この仕様は一貫性のない挙動に見えることからtypescriptの意図した仕様かどうか怪しいところがあり、今後同様な挙動のままであるかは分からないのでご注意ください。

関数の戻り値に型をつけて値・リテラルを返す

今回の例では、parseDataが型推論に頼っていたことも事故の原因の一つです。
parseDataの戻り値に型をつけたうえで、かつ、値・リテラル型を指定していた場合は、未定義のフィールドを加えた時に型エラーにすることができます。
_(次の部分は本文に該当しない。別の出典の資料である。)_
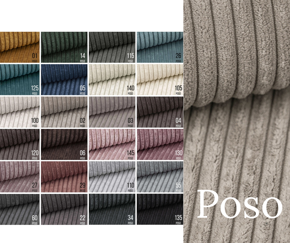 Jeśli nie ma w ofercie tkaniny, która Cię interesuje, masz możliwość zamówienia narożnika w innej wybranej przez Ciebie tkaninie po wcześniejszym ustaleniu ze sklepem pod numerem telefonu: 725 135 306 oraz dopisaniu tego w wiadomości do sprzedającego. Tkanina w drugiej grupie cenowej za dopłatami.
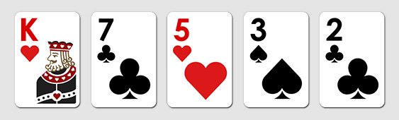 하이카드는 족보가 하나도 맞지 않은 경우를 말하는데요. 서로 하이 카드인 경우 높은 숫자순으로 승부를 가려, 승패를 나눕니다.
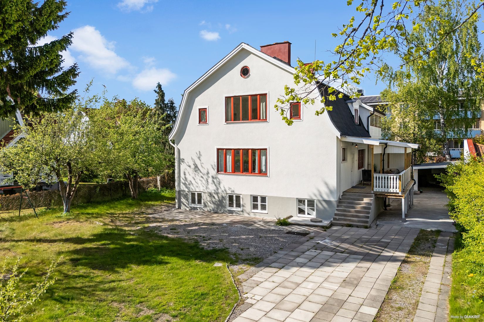 Här bor du på en generös och plan tomt om 879 kvm, där denna ståtliga villa från tidigt 1900-tal reser sig med självklar elegans. Redan vid första anblick möts du av en känsla av rymd, karaktär och tidlös skönhet.

function parseData(args: {
  accountId: string,
  item_id: string
}): Parameters<typeof presentItems>[0] {
  return  {
    accountId: args.accountId,
    where :{
      id: args.item_id
    }
  }
}

上記の例ではリファクタリング時にパラメータがwhereからqueryに移行した場合でも、whereが未定義フィールドとみなされて型エラーになり安全です。

反変性を防ぐカスタム型を作る

以下のようなカスタムユーティリティを作ると引数の型を厳密にすることができます。

type Exact<T, Shape> = T extends Shape
  ? Exclude<keyof T, keyof Shape> extends never
    ? T
    : never
  : never;

function printUser<T>(user: Exact<T, { name: string; age: number }>) {
  console.log(user.name, user.age);
}

printUser({ name: "Alice", age: 30 }); // ✅ OK
printUser({ name: "Alice", age: 30, extra: true }); // ❌ エラー

ただし,この方法は関数の入力値のキャストや引数の展開が頻発するので、テストなどでカバーできる場合は積極的に採用しなくてもよいでしょう。チームとしての認知コストも上がるので、あくまでピンチハッチのようなものとして使うのが良いと思います。

(十分な)テストを書く

今回のケースではテストケースを書いて無かったわけでは有りません。
ただ、除外されるべきデータを含んでいるか検証するようなテストコードを含んでいませんでした。
特に選出対象を間違えると大事故につながるようなロジックは選出対象自体を確認するテストも必要だと感じました。

typescriptでも入力値と出力値の型が決められるからといって、細かいテストを省けると思わないほうがいいのは良い教訓でした。

この記事で同じような事故に遭う人が一人でも減らす事ができたら幸いです。